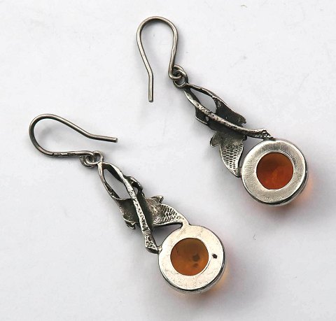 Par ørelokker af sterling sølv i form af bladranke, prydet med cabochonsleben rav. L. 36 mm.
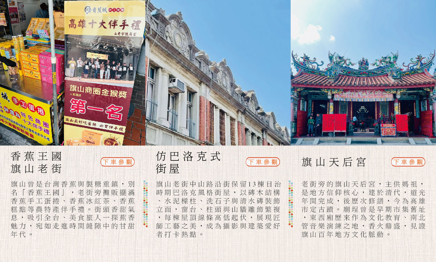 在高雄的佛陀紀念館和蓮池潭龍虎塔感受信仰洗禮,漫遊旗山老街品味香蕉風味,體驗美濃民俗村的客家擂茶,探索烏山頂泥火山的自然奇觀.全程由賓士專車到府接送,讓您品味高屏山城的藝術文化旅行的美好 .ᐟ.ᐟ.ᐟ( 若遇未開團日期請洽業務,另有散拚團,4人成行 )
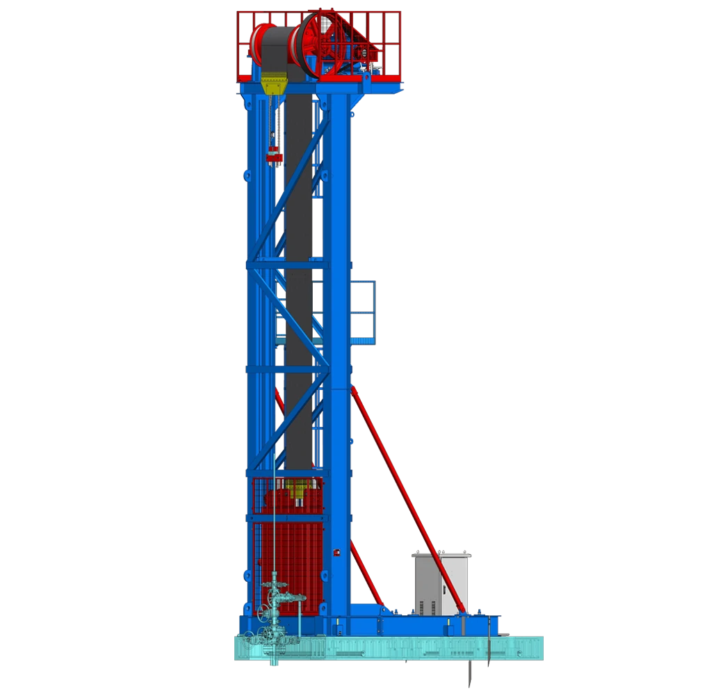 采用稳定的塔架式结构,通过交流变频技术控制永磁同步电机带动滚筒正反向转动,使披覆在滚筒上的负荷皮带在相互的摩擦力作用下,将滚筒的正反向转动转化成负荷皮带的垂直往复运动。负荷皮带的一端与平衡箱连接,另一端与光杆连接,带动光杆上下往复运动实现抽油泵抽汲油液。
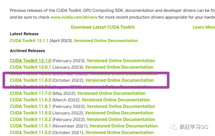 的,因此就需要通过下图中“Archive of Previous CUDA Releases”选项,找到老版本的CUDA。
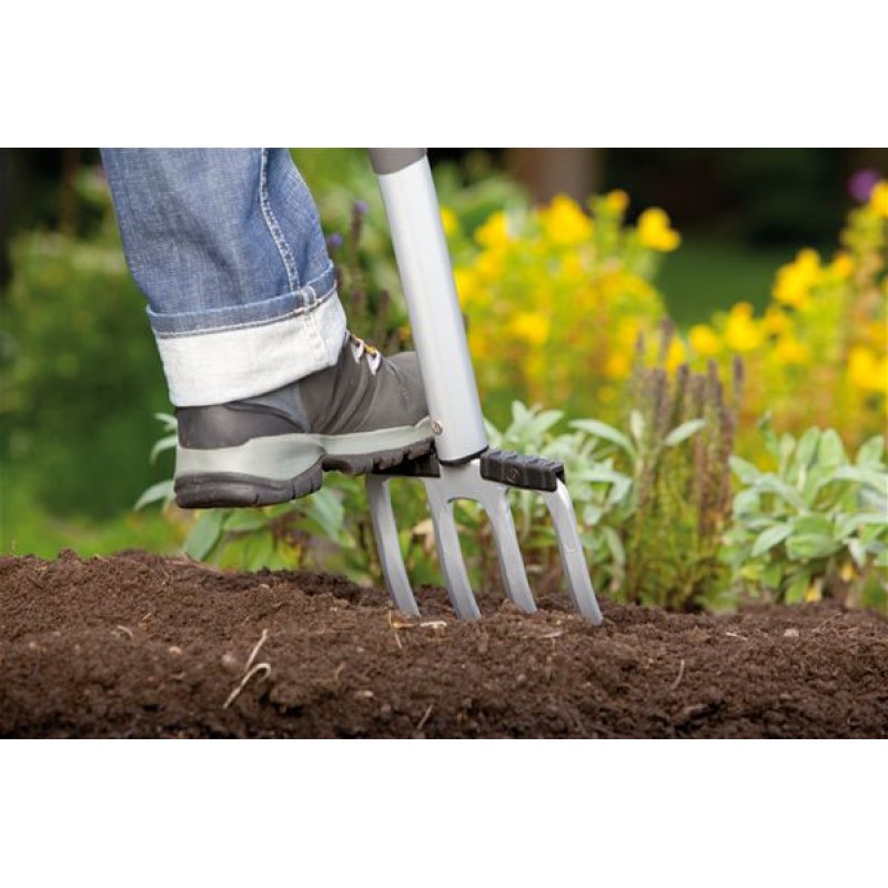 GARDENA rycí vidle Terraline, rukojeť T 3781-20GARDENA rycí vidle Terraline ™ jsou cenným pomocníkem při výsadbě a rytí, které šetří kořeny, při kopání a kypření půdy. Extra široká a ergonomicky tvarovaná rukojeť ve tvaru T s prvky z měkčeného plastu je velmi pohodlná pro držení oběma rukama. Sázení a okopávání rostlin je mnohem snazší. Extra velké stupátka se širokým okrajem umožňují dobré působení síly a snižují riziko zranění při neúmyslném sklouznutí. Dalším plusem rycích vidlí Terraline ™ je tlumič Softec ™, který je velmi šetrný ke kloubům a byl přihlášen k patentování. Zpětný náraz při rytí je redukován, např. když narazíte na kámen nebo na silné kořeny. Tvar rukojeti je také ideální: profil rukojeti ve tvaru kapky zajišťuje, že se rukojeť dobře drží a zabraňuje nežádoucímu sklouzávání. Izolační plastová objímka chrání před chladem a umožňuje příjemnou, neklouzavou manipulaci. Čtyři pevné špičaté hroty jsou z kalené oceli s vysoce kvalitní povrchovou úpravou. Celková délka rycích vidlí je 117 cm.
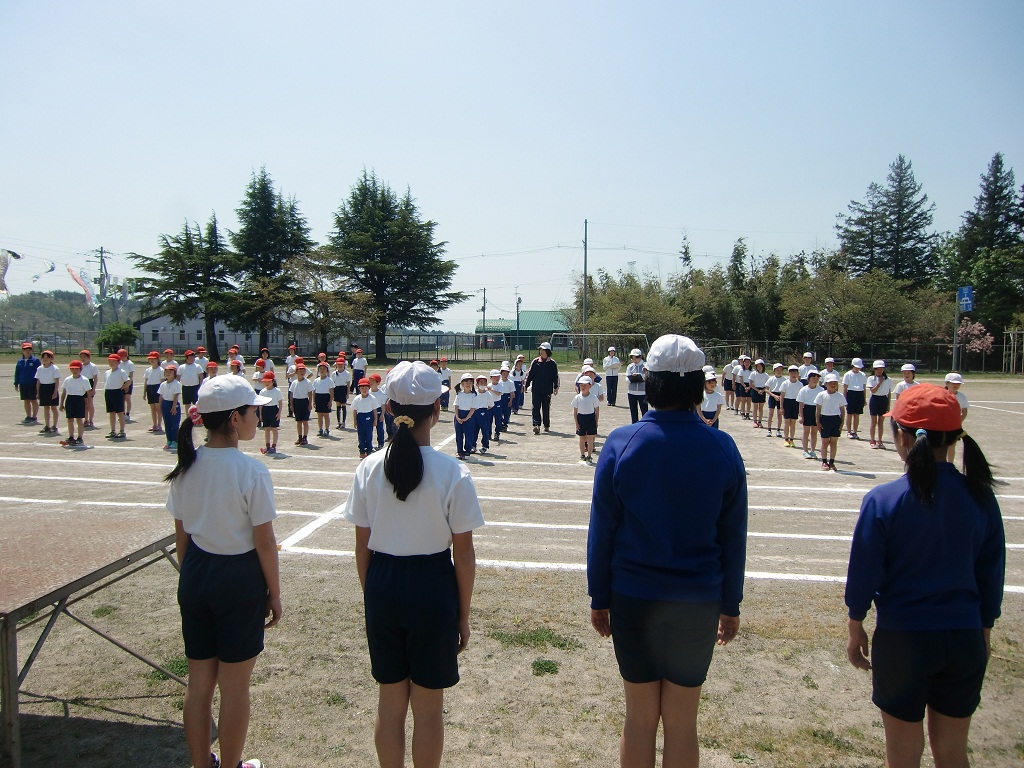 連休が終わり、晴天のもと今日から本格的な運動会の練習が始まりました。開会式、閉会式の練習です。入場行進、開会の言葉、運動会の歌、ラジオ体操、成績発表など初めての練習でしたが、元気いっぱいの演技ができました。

★ ★ ★

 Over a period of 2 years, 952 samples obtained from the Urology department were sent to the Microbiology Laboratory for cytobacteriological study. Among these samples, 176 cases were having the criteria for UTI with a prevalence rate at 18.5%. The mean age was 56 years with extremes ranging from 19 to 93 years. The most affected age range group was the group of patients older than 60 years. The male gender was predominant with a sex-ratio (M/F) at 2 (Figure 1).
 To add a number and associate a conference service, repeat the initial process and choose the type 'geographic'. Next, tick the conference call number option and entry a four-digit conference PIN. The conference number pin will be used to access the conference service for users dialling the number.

★ ★ ★

> **Exercise goal**
Range to copy from the listing above: the line containing "采用稳定的塔架式结构,通过交" down to the line containing "of Previous CUDA", both included. Reproduce it exactly, minus the pictures, and add nothing.

> **Output for this task**
 采用稳定的塔架式结构,通过交流变频技术控制永磁同步电机带动滚筒正反向转动,使披覆在滚筒上的负荷皮带在相互的摩擦力作用下,将滚筒的正反向转动转化成负荷皮带的垂直往复运动。负荷皮带的一端与平衡箱连接,另一端与光杆连接,带动光杆上下往复运动实现抽油泵抽汲油液。
 的,因此就需要通过下图中“Archive of Previous CUDA Releases”选项,找到老版本的CUDA。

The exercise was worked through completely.